DETAILED DESCRIPTION

(28) CO.sub.2 Conversion Employing Activated Species or Radicals Embodiment

(29) Plasma technologies have many advantages over traditional CO.sub.2 conversion pathways and may provide a unique and economical process for the utilization of anthropogenic CO.sub.2. Plasma technologies provide gas activation by energetic electrons instead of heat, allowing thermodynamically difficult reactions, such as CO.sub.2 splitting, to occur with reasonable energy costs. Plasma technologies can also be easily switched on and off which is compatible with intermittent renewable energy and load-following applications. The most common types of plasma reported in the literature are dielectric barrier discharges (DBDs), microwave (MW), and gliding arc (GA); however, other types, such as radiofrequency, corona, glow, spark, and pulsed electron beam (PEB), have also been studied. Depending on the type of plasma, different CO.sub.2 conversions and energy efficacies have been reported. In terms of energy efficiency, a target of at least 60 percent energy efficiency has been suggested for plasma CO.sub.2 conversion to be competitive with other technologies. Plasma tends to be very reactive and not selective in the production of targeted compounds. Therefore, plasma CO.sub.2 conversion technologies may need a catalyst to increase selectivity and produce targeted compounds. Low conversion of CO.sub.2 could also require postreaction separation of the products from the reactants and may be cost prohibitive. methods are sought to convert CO.sub.2 to high value chemicals or fuels using plasma technologies in an economically viable process, overcoming challenges associated with energy efficiency, CO.sub.2 conversion and selectivity.
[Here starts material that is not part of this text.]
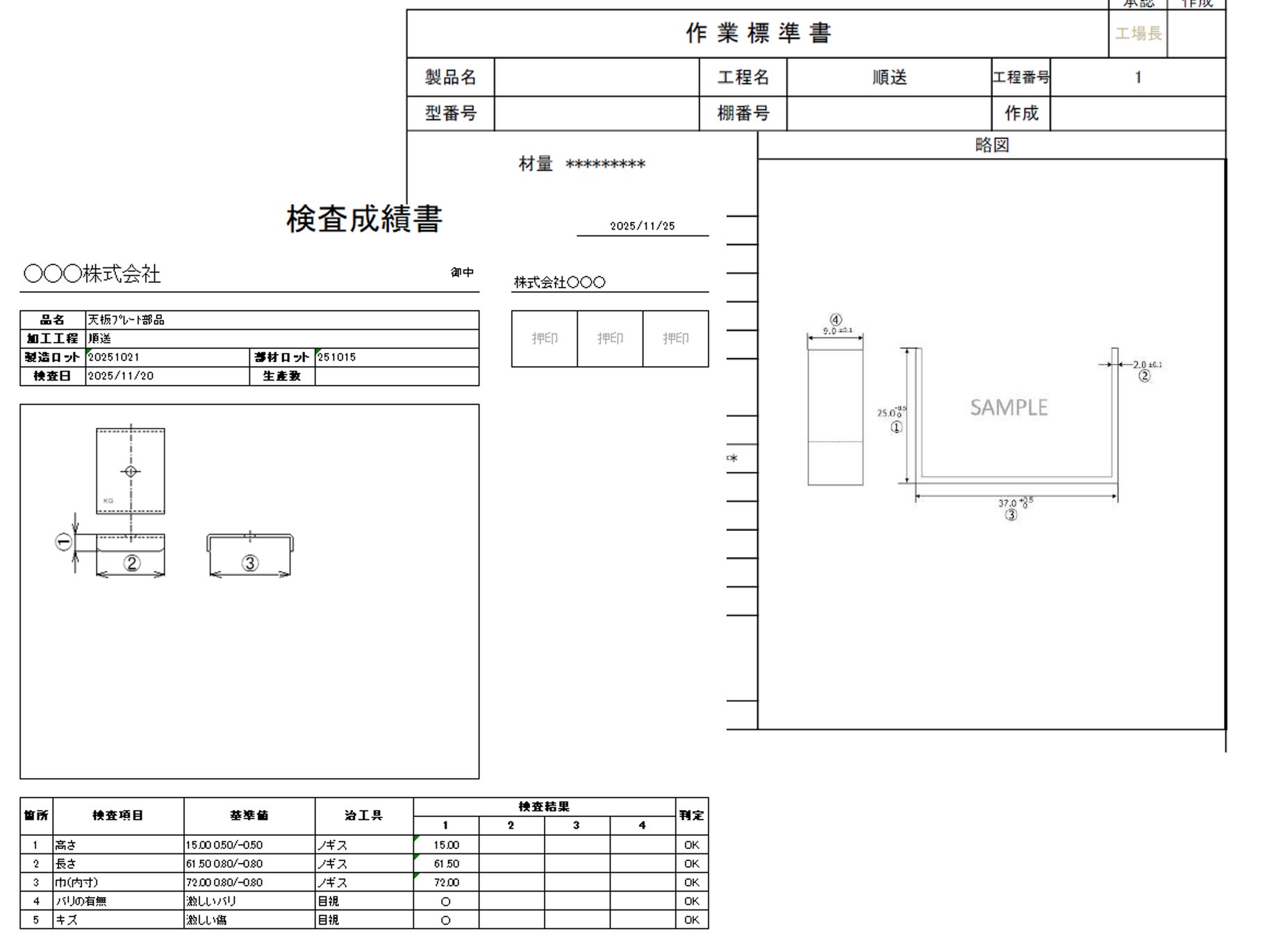蓄積された計測データから品質成績書をExcel形式で出力できます。手作業による転記ミスを排除し、工数を大幅に削減します。

(30) It has been found that a simple but highly energy efficient device is possible for the rapid heating and a high temperature gradient which introduces fermions and bosons into an adjoining fluid and one which could be boundary layered and consequently produce an amplifiable activated condition even at room pressure and high temperature. This is a wholly unanticipated and unexpected finding, and, although the comprehensive theoretical basis is not completely understood, it has been found that an unusual rapid heating can be created, as well as, transferred surface activation by using a comparatively long order of 10-100 cm current carrying member with none, or some curvature (radius of curvature exceeding 0.5 meter), and >100 amps current with penetration of the current carrying members into spaces that could have any cross sectional geometry (e.g. circular holes, ellipsoids or square cross section) in a high temperature resistant stable material. The holes are expected to have a diameter in the range of millimeters to tens of millimeters.
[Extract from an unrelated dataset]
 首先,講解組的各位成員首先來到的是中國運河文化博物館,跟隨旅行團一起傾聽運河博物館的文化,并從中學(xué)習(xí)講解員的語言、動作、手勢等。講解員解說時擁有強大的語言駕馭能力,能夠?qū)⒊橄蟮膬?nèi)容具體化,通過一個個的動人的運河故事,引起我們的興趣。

(31) In one embodiment, the apparatus consists of long current carrying members connected by a plurality of holes. In such an apparatus, extremely hot temperatures are achieved. The holes may be from 0.1 mm to 100 mm in diameter. Currents passing through the current carrying members may range from 80 to 350 amps. Voltages, unlike those used in plasma devices, can be small with frequencies remaining in the Hz range when AC current is used. Unique reactions of the type 19Fe+4N(g)+O(g)+3H.sub.2O(g)=Fe.sub.3O.sub.4+4Fe.sub.4N+3H.sub.2(g) can easily be catalyzed or enabled by key fermions and bosons and actuated species. Cavitation and pressure differentials promote fermions and are additionally stimulated by bosons.

(32) In another embodiment, the channels or holes through which the current carrying members are between 6-12 mm in diameter. These channels may be surrounded by a series of smaller channels or holes at around 1 mm in diameter. The smaller channels may differ in size and in cross-sectional shape from each other. The smaller holes may be arranged symmetrically or asymmetrically around the current carrying member channels and may follow the path of the member channels in a parallel, or near parallel, manner. Such smaller channels assist in the production of greater output temperatures for the device.

(33) Another embodiment of the device has current carrying members or elements bent in elongated u-shapes. A continuous element bent in such a u-shaped configuration may pass through channels or holes in a refractory or other material. Separate u-shaped current carrying members are anticipated as well, which may each, individually, be connected to a power source. The long strait segments of the elements run through these channels while the curved or u-shaped segments are outside of the refractory. A current is passed through the element thus producing heat. A gas is projected through the refractory, which is porous, along the direction of the long strait segments of the element. The gas is heated in this manner producing a plasma which is projected out of the device. The device may be encased in a shell consisting of appropriate material. As stated above, smaller parallel channels may be symmetrically positioned around the element channel. Both symmetric, non-symmetric and combinations are anticipated. Coils, u-shapes, sheet and other geometries of current carrying members are fully anticipated. Elements with a radius of curvature in the range of approximately 1 to 25 millimeters are contemplated.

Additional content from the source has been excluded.